Differential application of inclusion or exclusion criteria—We found two trials that seemed to have applied inclusion or exclusion criteria differentially between groups after randomisation.w20 w25 Moher et al, in a study promoting methods of secondary prevention of coronary disease, excluded significantly more participants owing to misdiagnosis in the intervention groups than in the control group.w20 Similarly, Olivarius et al excluded twice as many participants because of illness in the intervention group than in the control arm.w25

Differential attrition—Evidence of differential attrition between the randomised groups existed in four trials.w8 w18 w27 w36

Table 3 summarises the potential sources of bias risk in 14 trials in which we observed differences between the groups that indicate a risk of selection bias. Authors of six studies alerted the reader to the potential risk of bias in their study.

Table 3.

Evidence of risk of bias

Study Potential source of bias Acknowledgment of risk by authors and steps taken
Carmen 2000w1 48% v 33% of patients having influenza vaccination, P<0.01; 69% (258/375) v 78% (269/344) accepted virological screening for secondary outcome assessment, P=0.004 Yes, for cluster imbalance, used adjusted odds ratios
Gavgani 2002w8 7.6% (143/1870) v 11.4% (229/2006) attrition in control and intervention groups, P<0.001 No
Graham 2002w9 12.2% (216/1768) of control group refused consent v 17% (344/2026) of intervention group, P<0.001 No
Jolly 1999w11 Control group recruited 15.5% more than intervention group; practice population not given, so impossible to see if significantly different Noted recruitment “imbalance” in discussion
Kannus 2000w13 31.4% (204/650) of intervention group refused consent v 8.7% (94/1075) of control group, P<0.001 Acknowledged potential for selection bias in discussion
Kinmonth 1998w16 0.06% (142/225 015) v 0.047% (108/230 560) of practice populations were recruited for intervention and control groups, P=0.02 No
MacArthur 2002w18 4.2% (46/1087) v 2.6% (25/977) of intervention and control groups withdrew or moved away, P=0.04 Commented on loss to follow up in discussion
Moher 2001w20 0.32% (2/623) v 2.6% (20/772) and 1.3% (10/747) misdiagnoses for control and two intervention groups, P=0.002 No
Olivarius 2001w25 8.7% (67/774) v 4.0% (28/696) excluded owing to illness in intervention group and control group, P<0.01 Noted in results more post-randomisation exclusions
Sagliocca 1999w27 3.9% (7/178) v 0% (0/173) lost to follow up in control and intervention groups, P=0.02 No
Shah 2001w29 22.3% (148/662) v 17.3% (124/717) included in control and intervention groups, P=0.02 No
Steptoe 1999w31 Control practices recruited 567 v 316 participants given similar sized populations (P value not calculable) Differential recruitment rate mentioned in discussion, but not as a potential source of bias
Wawer 1999w34 17.5% (4002/22 915) v 14.7% (3125/21 192) refused consent or treatment in intervention and control groups, P<0.001 No
Wight 2002w36 30.6% (1070/3493) v 27.5% (1069/3892) attrition in numbers reporting intercourse in intervention and control groups, P=0.003 No

Discussion

Cluster trials can be difficult to do; nevertheless, they are needed to evaluate some interventions. Although a large literature exists about sources of potential bias that can occur in individually randomised trials, less evidence is available about the special problems encountered in cluster trials.

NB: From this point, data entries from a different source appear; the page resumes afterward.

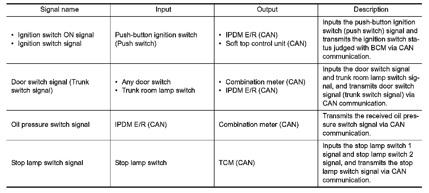 Signal transmission function list
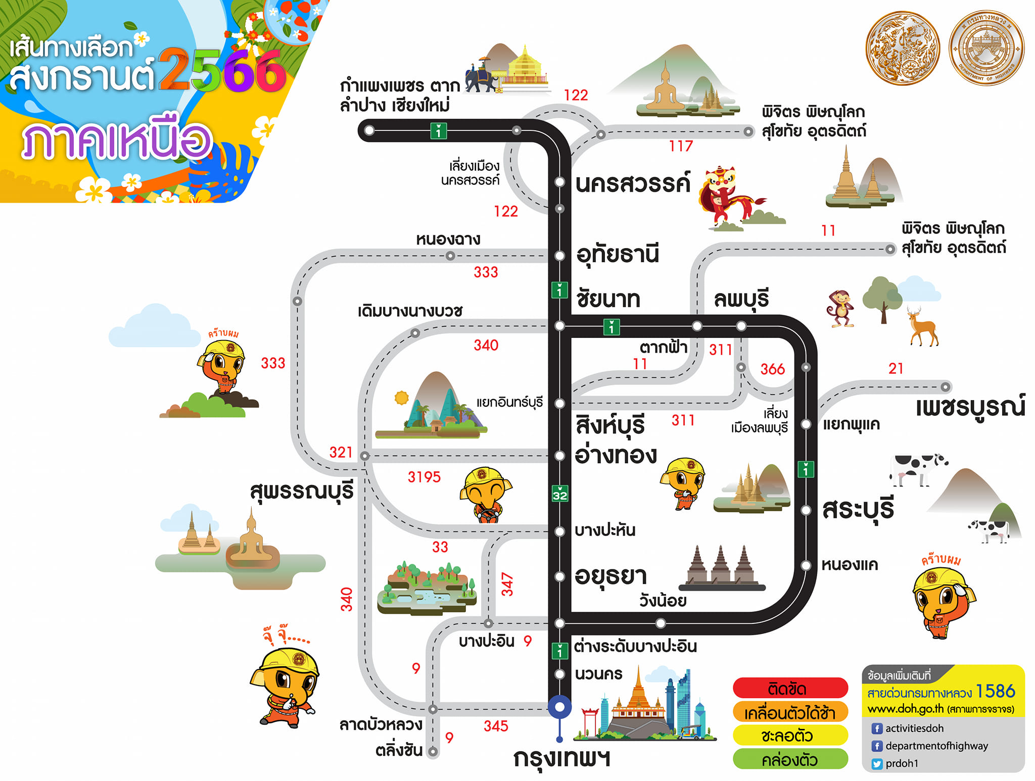 กรมทางหลวงแนะนำเส้นทางเลือกจากกรุงเทพฯ สู่ภูมิภาคต่าง ๆ ช่วงเทศกาลสงกรานต์ 2566 เพื่อให้ผู้ใช้เส้นทางได้รับความสะดวก รวดเร็วในการเดินทาง สอบถามโทร 1586 ฟรีทุกเครือข่ายตลอด 24 ชั่วโมง
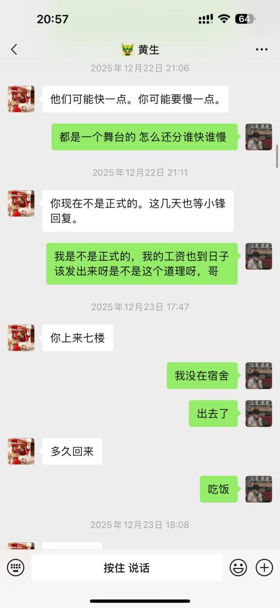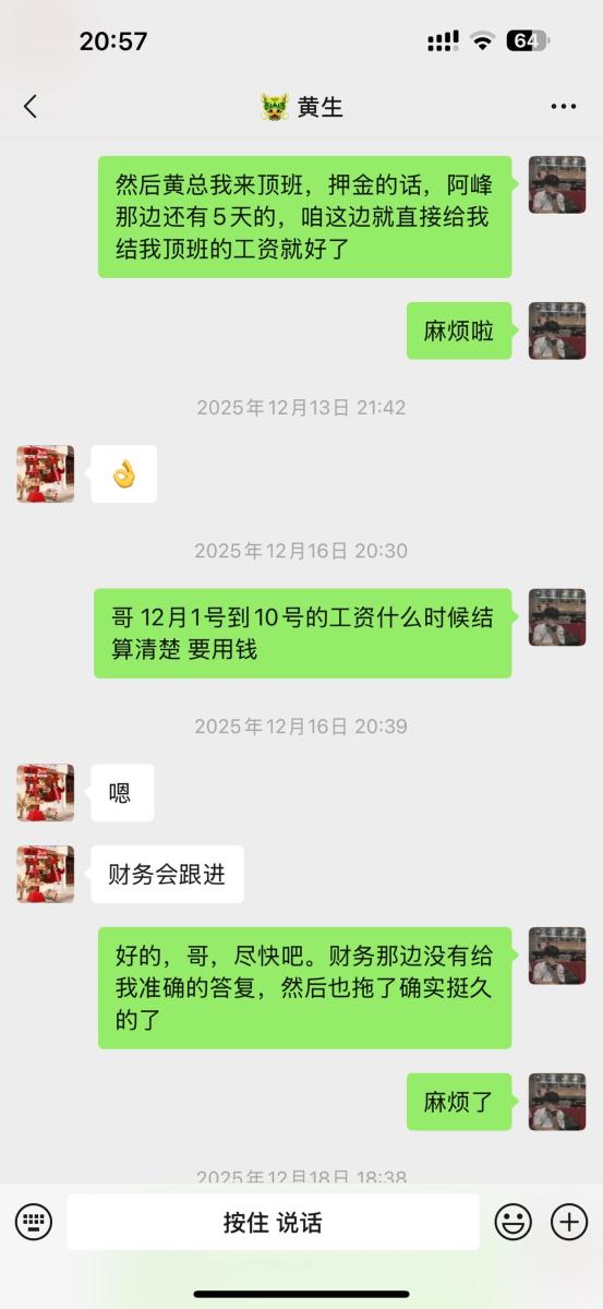 黑人老板一直以顶班的跟正式员工不一样为理由不发工资,直到本人一月一号离职 才知道要扣除宿舍费用以及水电费 180块钱一天的住宿
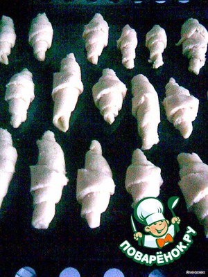 Выкладываем на сухой противень. Ставим в разогретую до 180 градусов духовку. Выпекать 20-25 минут. Рогалики должны зарумяниться.
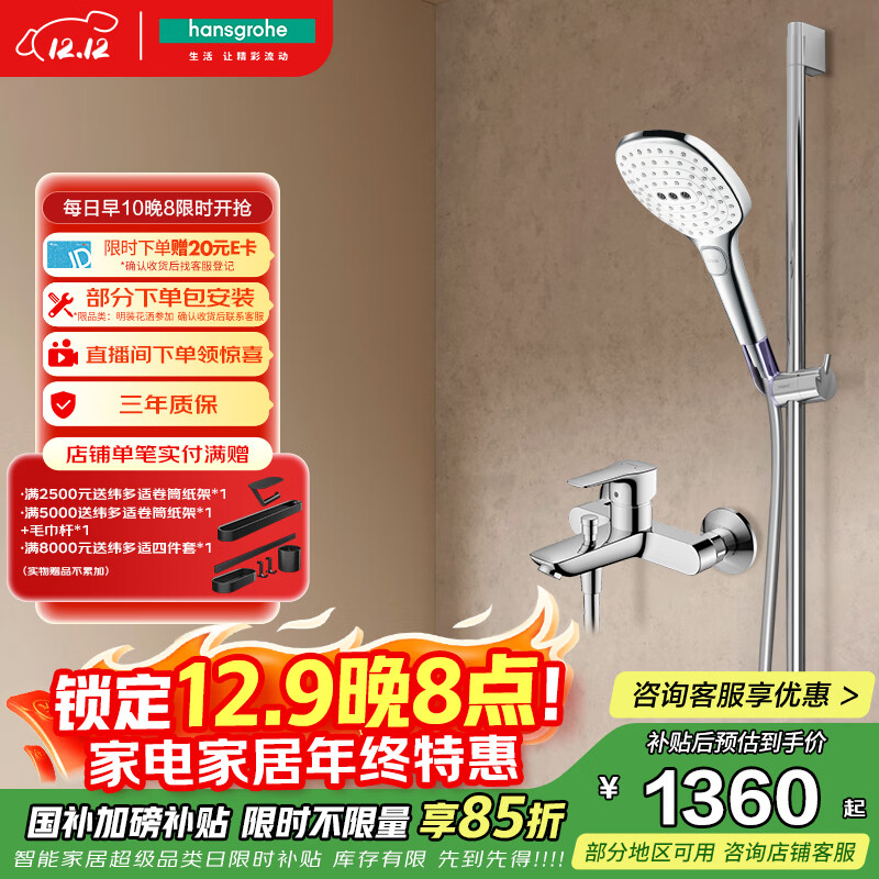 自营汉斯格雅(Hansgrohe)飞雨SelectS120浴室变速淋浴花洒 浴缸下出水龙头套装非恒温
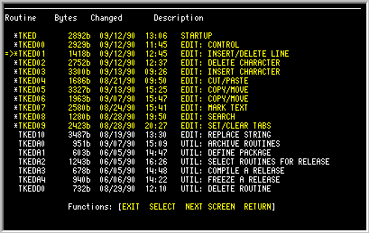 The simplest way to select a routine is to enter the routines name and press [RETURN]. Conversely, to deselect a routine, enter a hyphen "-" followed by the name of the routine to be deselected. As additions and subtractions are made, the updated list will be displayed as shown in the next illustration. Notice that the number of routines selected and the total of the routine sizes is shown on the top row of the screen. In addition, the size, date last modified and description of each of the selected routines are shown to the right of each routine name. If the number of selected routines exceeds the available space on the screen, the NEXT SCREEN and PREV SCREEN keys can be used to page forward and back through the list for examination. Complete the selection process by pressing [RETURN] at an empty 'routine: ' prompt, or abort the process at any time by pressing the EXIT key.

Evidence of bias risk at cluster level

Some authors did not clearly describe the allocation process of the clusters, which is important as this can be subverted; other trialists were clear in stating that an independent person undertook the allocation. In most trials some form of stratification was used to reduce the element of chance bias, although this was not always successful. Some trials lost complete clusters after randomisation. However, with the exception of one trial,w2 the proportion of clusters lost was relatively low and therefore would be unlikely to introduce bias.

Evidence of bias risk at individual level

One of the major risks for introduction of bias is when prospective recruitment is needed. This difficulty can be overcome and the risk of bias reduced, as two examples serve to illustrate. Bennewith et al reduced the possibility of recruitment bias by blinding the clinician identifying participants until after the patient was assessed as being eligible or not.w4 Similarly, King et al reduced the same threat by asking a trained receptionist to recruit patients.w2 Because that trial evaluated a training package to help general practitioners to manage depressed patients, the training would probably have reduced the diagnostic threshold of the general practitioners. Thus, had the doctors recruited participants themselves, this would have increased the risk that they could have recruited either more or less seriously depressed participants than the control doctors. Use of receptionists reduced this risk.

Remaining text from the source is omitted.